Pet Information > ASK Experts > Cats > Cats > Kitten lossing weight drastically

Kitten lossing weight drastically

14:41:47

Question
Tubby before and after
Tubby before and after  
QUESTION: Hello.  I have quite the problem going on right now.  An outdoor cat that has kind of adopted us had kittens 20 weeks ago.  After a Raccoon killed one of the kittens a couple months ago, we started to bring the kittens in at night.  They now kind of come and go as they please, aside from staying inside at night.  My kitten Tubby is going to be 20 weeks old on Saturday, but sadly he's not tubby anymore.  In the last few days he has lost *all* his weight.  I can see every bone in his body (except his face still looks the same).  I can see his spine, his ribs, his chest bone, even his tail has gotten boney at the base.  I'm really worried.  I know the first thing you're going to say is get him to a vet, and I honestly would if I could.  I just had to get a new water heater so I have no cash, and I didn't qualify for Care credit to get him seen.  He won't eat regular Friskies dry cat food (which is what they were all getting and eating) I have tried to feed him the Friskies wet cat food (the chicken and juices kind) and all he does is lick up the juices, not actually eat the meat.  There is also a flea out break going on.  We treated all the kittens with the Hartz kitten flea drops (the ones that you administer once a month between their shoulder blades).  We did put it between the shoulder blades, but the kittens just licked it off each other so I'm not sure if that could be a reason or not.  None of the other kittens are really showing the same signs.  They are all still active and eating, etc.  We gave him the Hartz about... a week or so ago.  He doesn't really seem lethargic except he isn't as hyper anymore, but he isn't sleeping all the time, he doesn't whine when we pet him or pick him up, and he gets excited when we pet him.  I think that's all the pertinent information.  If you can recommend another way to get him some nutrition in some way I would appreciate it.  I know when my rats lost weight, I gave them Ensure, but I didn't want to give Tubby Ensure because I didn't know if that was okay for kittens.  I'm more than willing to do whatever it takes, I just wish I could get him to the vet :(


I'm sorry this is so long but I'm trying to get all the information to you that I can.

ANSWER: Hi Amber,

I'm sorry to hear about Tubby and that you didn't qualify for Care Credit.  Unfortunately, he really does need veterinary care, and my advice can't replace that.  I wouldn't suspect that the flea treatment would have much to do with his condition, since most serious reactions are neurological in nature and occur within minutes to hours.  However, it may still be a possibility.  Next time you apply, try to keep the kittens separated from each other for a couple of hours.

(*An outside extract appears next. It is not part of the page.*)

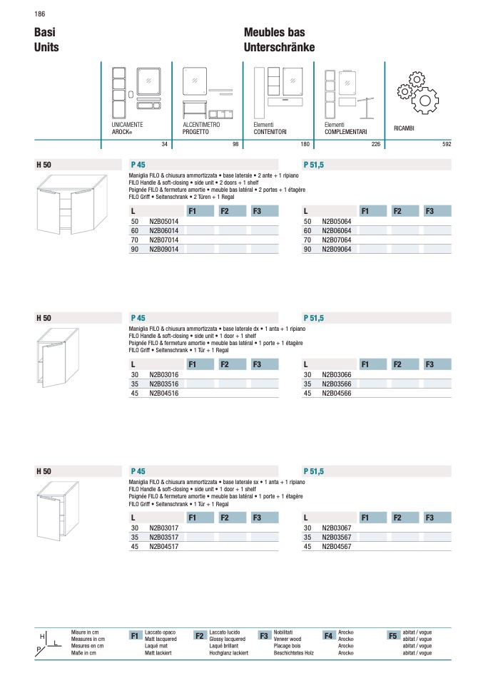 FILO Handle & soft-closing • side unit • 1 door + 1 shelf

As for Tubby, I wouldn't use Ensure to try to boost his nutritional intake, because it's too high in certain nutrients, such as iron, which could cause him constipation.  I would recommend a calorie supplement for cats called Nutri-Cal.  It's a gel that you would give with a syringe.  The dosage instructions, by weight, are on the tube.  Give him the dosage for cats who aren't eating their full ration of food.  Nutri-Cal is available at some pet stores, or through many websites like www.entirelypets.com.  I would also feed him baby food for now, even if you have to force feed it to him with a syringe.  Turkey or chicken baby food is fine.  I prefer stage one baby food, which is just the meat and broth, but if you can only find stage two, which is the meat with gravy, that's okay.  This isn't a balanced diet, and it shouldn't be fed for very long.  The vitamins and minerals in the Nutri-Cal will help offset the dietary imbalance a little bit, but if he starts to turn around, try to get him onto a balanced cat food as soon as you can.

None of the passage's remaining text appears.